- Genre: Choir music
- Dates: May
- Locations: Prijedor, Bosnia and Herzegovina
- Years active: 2001 – present
- Website: www.zlatnavila.info

= Golden Fairy Festival =

The Golden Fairy Festival (Међународни фестивал Златна вила) is an international multi-day choir music festival which annually takes place in Prijedor, Republika Srpska, Bosnia and Herzegovina. It was established in 2001 by the Prosvjeta institute in cooperation with the VILA choir society.

==History==
Prijedor has historically been a hub for church choir music in Bosnia and Herzegovina, with over 20 choir societies being active in the period leading up to the Second World War. The largest of said societies was the Serbian Orthodox VILA choir society, which was founded in 1885 with the goal of promoting Serbian spiritual music. It was banned by the Independent State of Croatia in 1941 and was not reestablished by the communist authorities after the war. The tradition of choir music in Prijedor was secularized and reorganized in SFR Yugoslavia with the creation of numerous art and culture societies of which the most prominent was SKUD Dr.
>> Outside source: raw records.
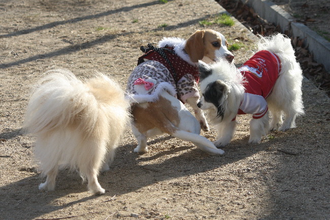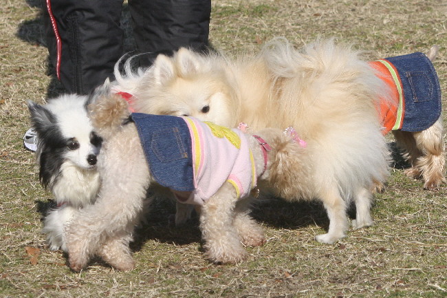 パピ君の挨拶を受けてるビーグル君は腰が引けてますね(爆)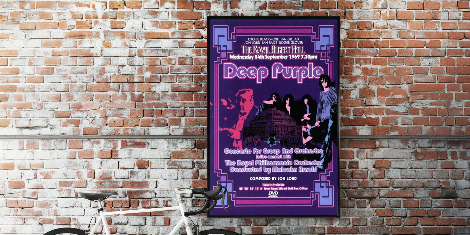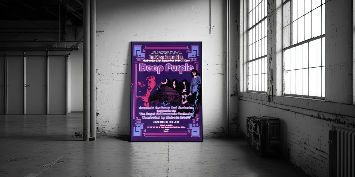 Experience the iconic 1969 performance of Deep Purple with this Retro Poster Art featuring their legendary concert at The Royal Albert Hall. This vintage print showcases a vibrant design with bold purple and pink tones, capturing the energy of the band and the grandeur of the performance. With its combination of the band members and the famous venue, this poster is perfect for fans of nostalgic art prints and classic retro style. A must-have for any music lover, this piece will bring a timeless rock and roll aesthetic to your space.
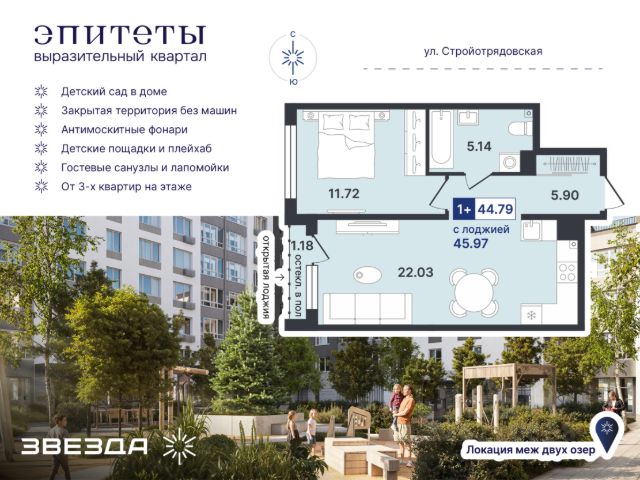 Выразительный квартал "Эпитеты" — сбалансированный проект, который сочетает атмосферу размеренной загородной жизни, насыщенную инфраструктуру и очарование природных локаций. ЖК комфорт-класса расположен на пересечении улиц Западносибирская и Стройотрядовская в окружении озер и зеленых массивов. Эклектичный стиль фасадов и соразмерная человеку архитектура станут украшением всего района.
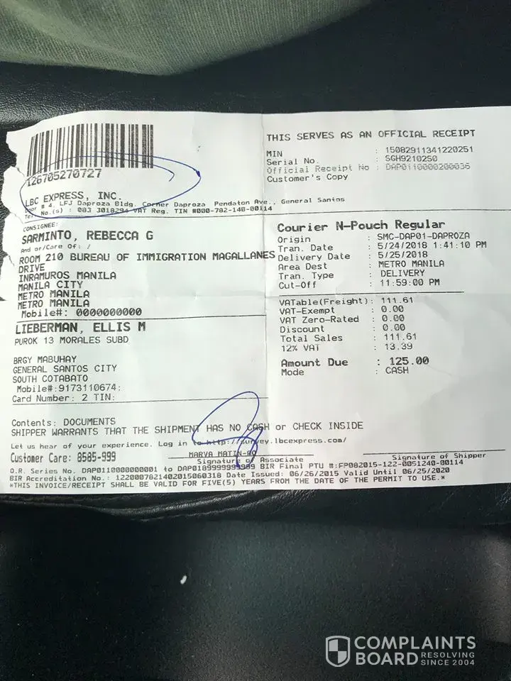 I signed an undertaking to send the item via lbc to immigration and that it had to be there by today or I am in default and will lose my visa. There is no fallback and that cost to me will be in the hundreds of thousands of pesos.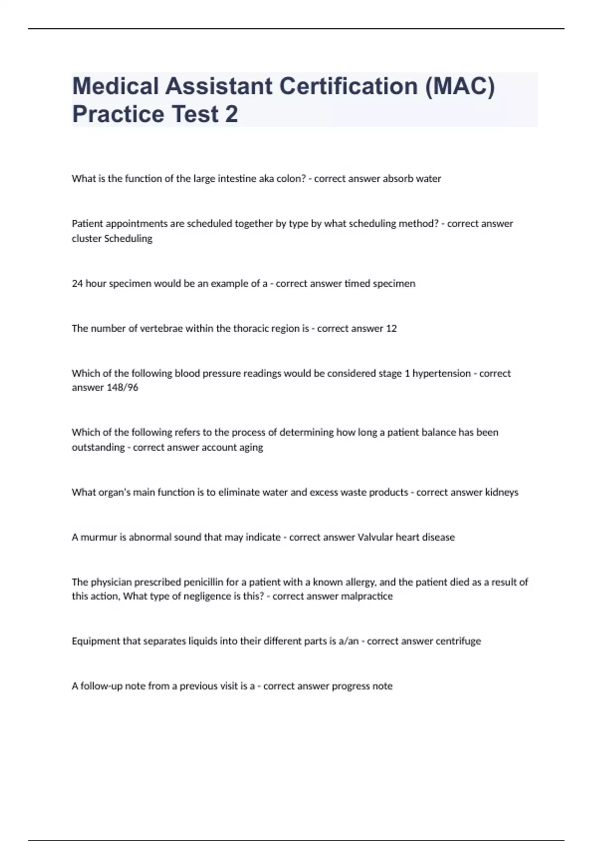 Medical Assistant Certification (MAC) Practice Test 2 What is the function of the large intestine aka colon? - correct answer absorb water Patient appointments are scheduled together by type by what scheduling method? - correct answer cluster Scheduling 24 hour specimen would be an example of a - correct answer timed specimen The number of vertebrae within the thoracic region is - correct answer 12 Which of the following blood pressure readings would be considered stage 1 hypertension - correct answer 148/96 Which of the following refers to the process of determining how long a patient balance has been outstanding - correct answer account aging What organ's main function is to eliminate water and excess waste products - correct answer kidneys A murmur is abnormal sound that may indicate - correct answer Valvular heart disease The physician prescribed penicillin for a patient with a known allergy, and the patient died as a result of this action, What type of negligence is this? - correct answer malpractice Equipment that separates liquids into their different parts is a/an - correct answer centrifuge A follow-up note from a previous visit is a - correct answer progress note A baby's pulse and respiration rate are; - correct answer faster than an adult An invoice for the monthly rent of the building where the medical office is located is typically handled by which department? - correct answer accounts payable When looking on the imprinted numbers on a check, the second series of numbers is the - correct answer account number Scheduling structure where no appointment is needed and patients are seen in order of arrival is called - correct answer open hours The interval between the exposure to infection and the appearance of the first symptom is called - correct answer incubation period complete destruction of all forms of microbial life - correct answer sterilization How long how has the pain been going on and on a scale from 1-10 with 10 being the worst pain of your life? How would you describe the pain? is an example of - correct answer an open ended question notifiable infections must be reported to - correct answer Center for Disease Control When a patient fails to show for an appointment the event must be - correct answer documented in the patient's chart Which of the following is the most common means o transmitting pathogens - correct answer touching The body organ targeted by HBV is - correct answer liver The hormone that triggers the body's reaction in fight or flight is called - correct answer epinephrine Which mode of infection transmission occurs from touching contaminated lines - correct answer vehicle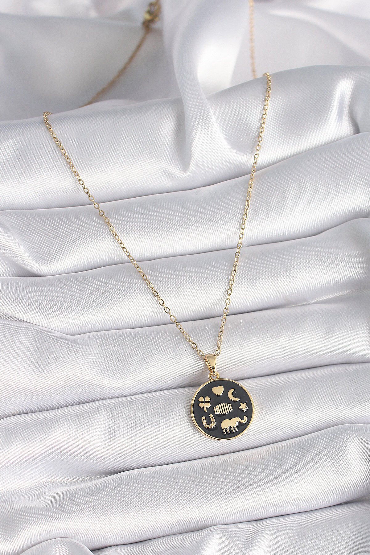 316L Çelik Gold Renk Siyah Şans Kolyesi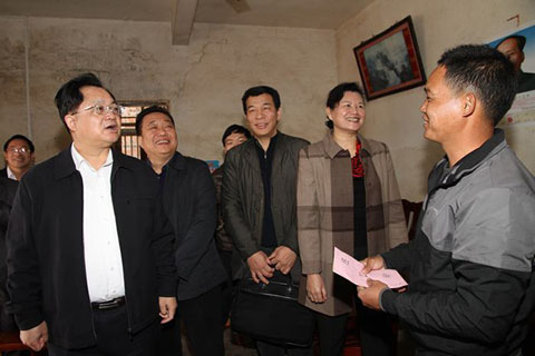 骆文智强调,扶贫攻坚,民心所向,责任重大,省卫生计生委将认真落实省委、省政府的决策部署,突出重点、抓住关键,统筹协调,切实解决贫困户的实际困难,将扶贫开发“双到”工作各项任务落实好、完成好。骆文智希望,贫困家庭要坚定战胜贫困、脱贫致富的信心和勇气,不等不靠,与各级党委、政府以及帮扶工作队一起努力,共同改变落后的面貌,建设美好家园。

Mladen Stojanović, named after Bosnian physician, partisan and People's Hero of Yugoslavia, Mladen Stojanović. It was, at the time, the legal successor of VILA. In 2000 the VILA choir society was reestablished and quickly went on to found the Golden Fairy Festival in cooperation with Prosvjeta, under the name Prijedor Choir Ceremony (Приједорске хорске свечаности). In 2003 the festival was given its current name. It hosts 10 to 15 international choirs per edition.